On the street we ran into the flower shoppe lady that tsafi knew. She called me sweet names and petted my face, happy to hear of our wedding. we came home and made a gourmet meal of broccoli teriyaki chicken over rice. We came up with the game plane as we went up the elevator. “you do the garlic and onions and i’ll do the chicken” “oh but we need rice!” “yes, and rice…” we eatsleeplove as a way of life now and our unemployment allows us all this precious time to fuss over bridal salons and veils and rings….

gone fishin!

tsafi and i went fishing today… well not exactly fishing. We sat on rocks and held a string with a hook and weights into a hole. When the fishies hid under rocks we got creative and put a piece of apple on the end.
“do fishes like apples?” i asked, as tsafi sternly concentrated.
“the question is… if apples like fishes.”
We sat in silence mesmerized with the schools of fish and the sad little hook with our apple floating useless. We gave up quickly and retired to our umbrella spot on the sand eating fruit, snuggling and wrestling. Ah, to be almost married, high on each other! A beautiful day began pretty difficult… safta cornered me with a white cream all over her face and tears spilling over it. It was her attempt at swaying us away from picking a wedding garden that the family doesn’t like. I felt very uncomfortable and told her so. She asked if i loved her. A very obvious guilt tactic. The tears, the gibberish, the guilt… she needs to be told daily lately why her son doesn’t’ approve of our marriage. I think she has a good mind; not like most 80 year olds. I’m not playing the game. I’m not playing. So i told her ‘betach’ of course i love her to which she cried more…and said some things i didn’t’ understand. I felt very uncomfortable and went to go ask tsafi to help. It’s his family.
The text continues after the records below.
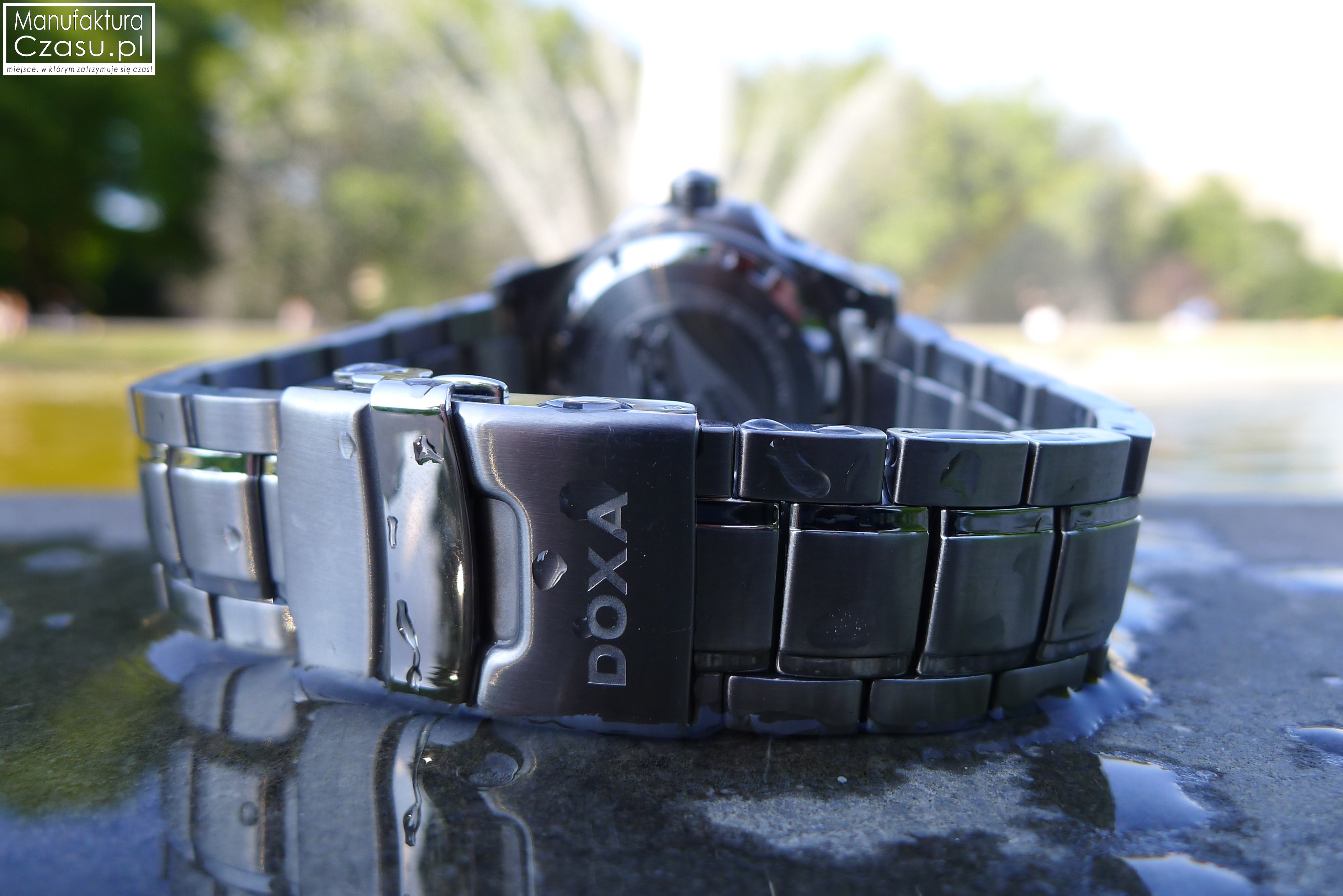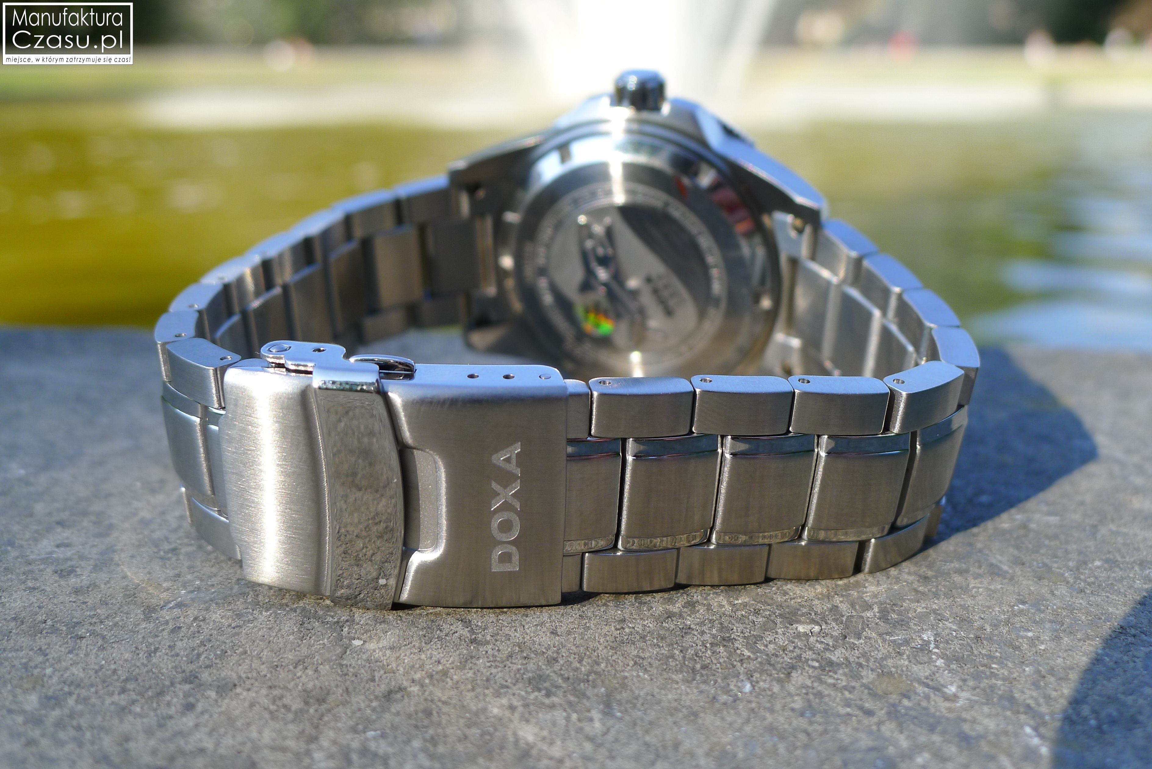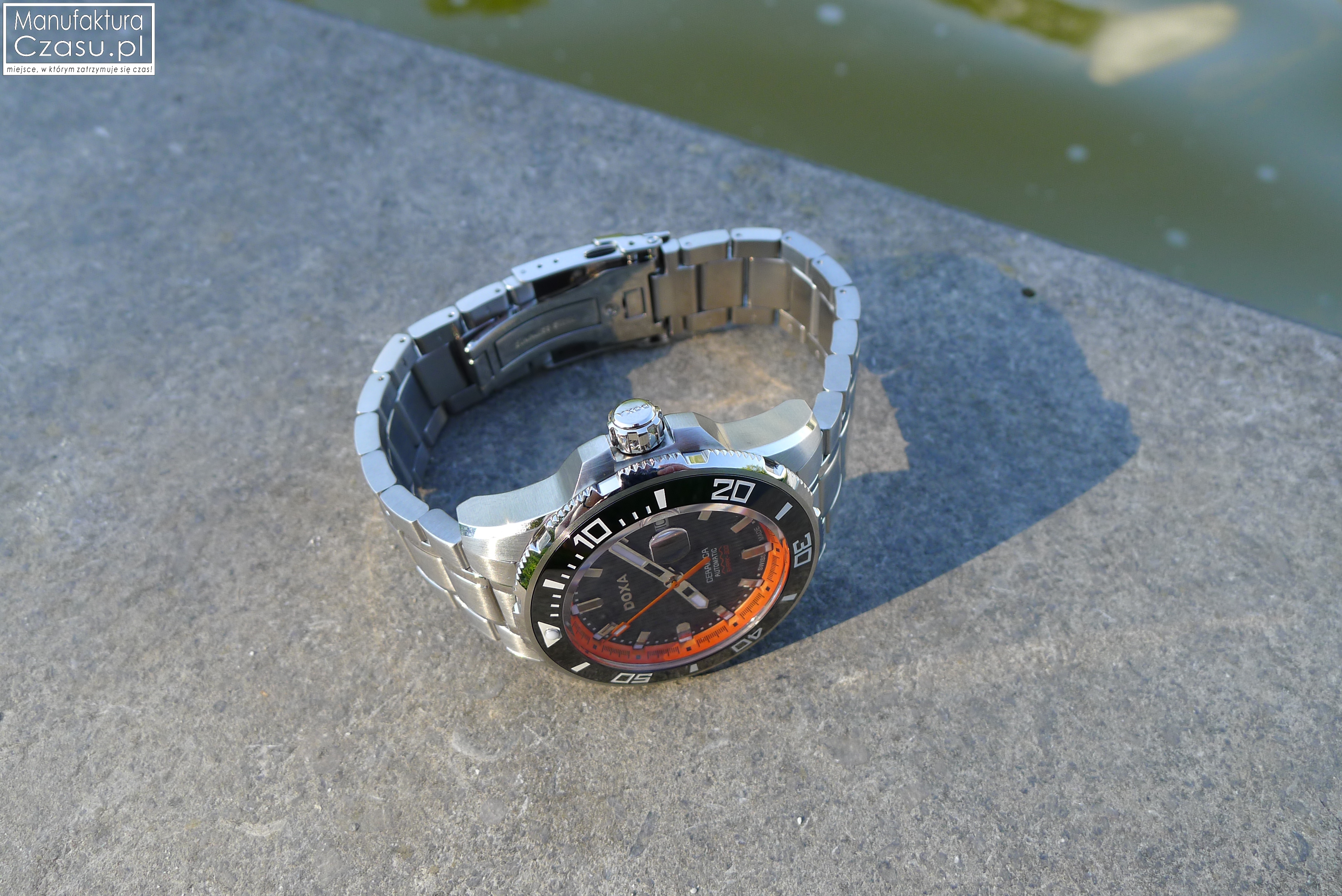 Całość dopełnia zakręcana, stalowa koronka z wyraźnym logo Doxa, która również dzięki większym niż zwykle rozmiarom jest bardzo wygodna w codziennej obsłudze. Koronka czasomierza jest zakręcana, co ma oczywiście związek z jego podwyższonymi właściwościami ochronnymi, umożliwiającymi wykorzystywanie zegarka pod wodą do głębokości 300 m / 984 f / 30 ATM.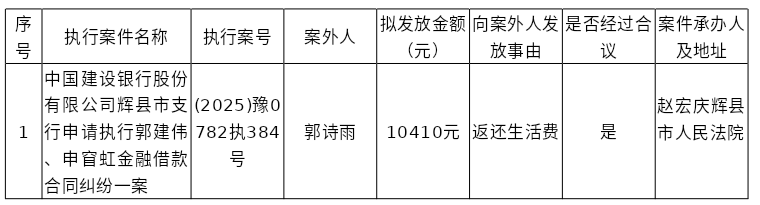 辉县市人民法院关于向案外人郭诗雨发放执行案款的公示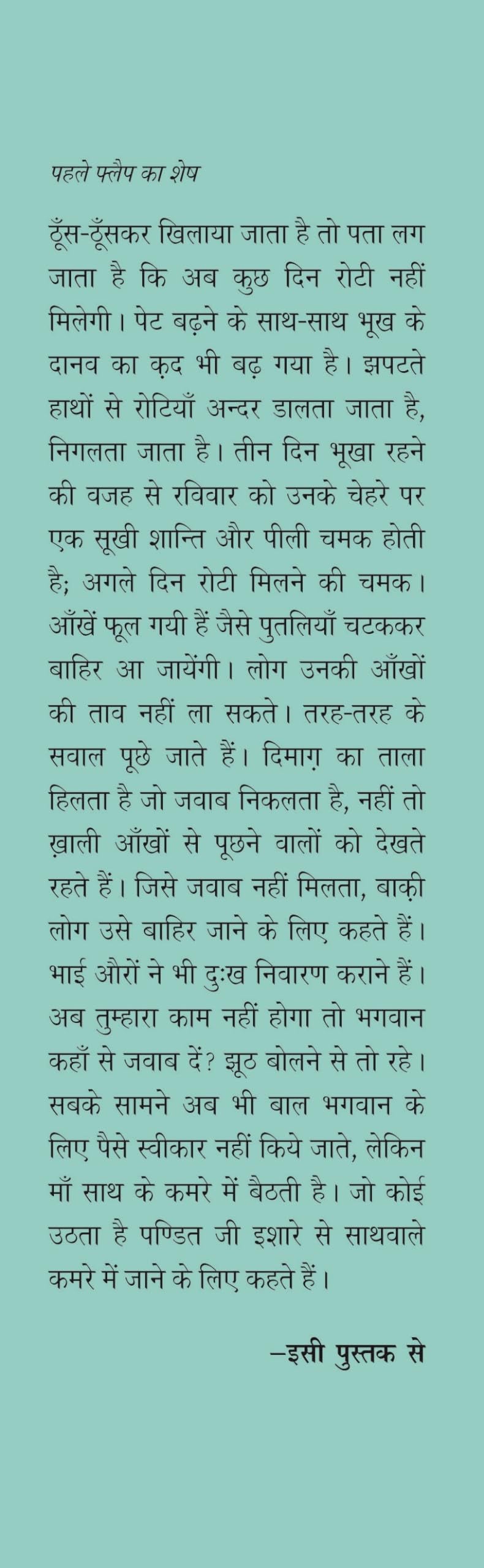 Details: बाल भगवान की ज्यों-ज्यों प्रसिद्धि फैल रही है, त्यों-त्यों पेट भी फैलना-फूलना शुरू हो गया है। एक ही शब्द में बात करते हैं। कई बार ठीक, कई बार गलत । जिन लोगों को बताया जवाब ग़लत निकलता है, वह अपने कर्मों को दोष देकर चुप हो जाते हैं। जिनका जवाब सही निकलता है, वह पुण्य कमाने के लिए और लोगों को भगवान की शरण में भेजते हैं। फिर इधर की उर्दू की अख़बारें चटखारे लेकर ऐसी ख़बरें छापती हैं। और बुजुर्ग लोग, दुकानदार तबका अब भी उर्दू के अख़बारें पढ़ता है। चटपटी ख़बर और चटखारे लेने वाली जुबान । और फिर प्रत्येक छोटी-छोटी दुकान रेडियो स्टेशन होती है जहाँ समय विशेष पर नहीं, सारा समय समाचार दर्शन चलता रहता है। हर इतवार लाले की दुकान के आगे कारों, साइकिलों और स्कूटरों की भीड़ लग जाती है। उसके पास अब तीन छोकरे हैं। चाय-पानी पिलाते-पिलाते हाँफ जाते हैं। अब बाल भगवान को हफ्ते में सिर्फ तीन दिन खाने को दिया जाता है। वीरवार खाना बन्द और सोमवार शुरू। दिमाग तालाबन्द है तो क्या हुआ? बाकी इन्द्रियाँ तो काम करती हैं। उन्हें अब बुधवार को सारा दिन ठूस-ठूंसकर खिलाया जाता है तो पता लग जाता है कि अब कुछ दिन रोटी नहीं मिलेगी। पेट बढ़ने के साथ-साथ भूख के दानव का कद भी बढ़ गया है। झपटते हाथों से रोटियाँ अन्दर डालता जाता है, निगलता जाता है। तीन दिन भूखा रहने की वजह से रविवार को उनके चेहरे पर एक सूखी शान्ति और पीली चमक होती है; अगले दिन रोटी मिलने की चमक । आँखें फूल गयी हैं जैसे पुतलियाँ चटककर बाहिर आ जायेंगी। लोग उनकी आँखों की ताव नहीं ला सकते । तरह-तरह के सवाल पूछे जाते हैं। दिमाग़ का ताला हिलता है जो जवाब निकलता है, नहीं तो ख़ाली आँखों से पूछने वालों को देखते रहते हैं। जिसे जवाब नहीं मिलता, बाकी लोग उसे बाहिर जाने के लिए कहते हैं। भाई औरों ने भी दुःख निवारण कराने हैं। अब तुम्हारा काम नहीं होगा तो भगवान कहाँ से जवाब दें? झूठ बोलने से तो रहे । सबके सामने अब भी बाल भगवान के लिए पैसे स्वीकार नहीं किये जाते, लेकिन माँ साथ के कमरे में बैठती है। जो कोई उठता है पण्डित जी इशारे से साथवाले कमरे में जाने के लिए कहते हैं। -इसी पुस्तक से

He should help me avoid these kinds of things. He’s been a wonderful protector. He defends me all the time. There was shouting and a quick exit to the sea. On the way, i analyzed what they all want from me. was i supposed to smile and nod and cry with her? Was i supposed to be fake and accepting of his parents’ judgement? I respect safta. I am sorry she is old and that her husband died but i can’t fix any of it and i certainly don’t want to absorb any of this. My entire israeli experience seems to be in self-preservation.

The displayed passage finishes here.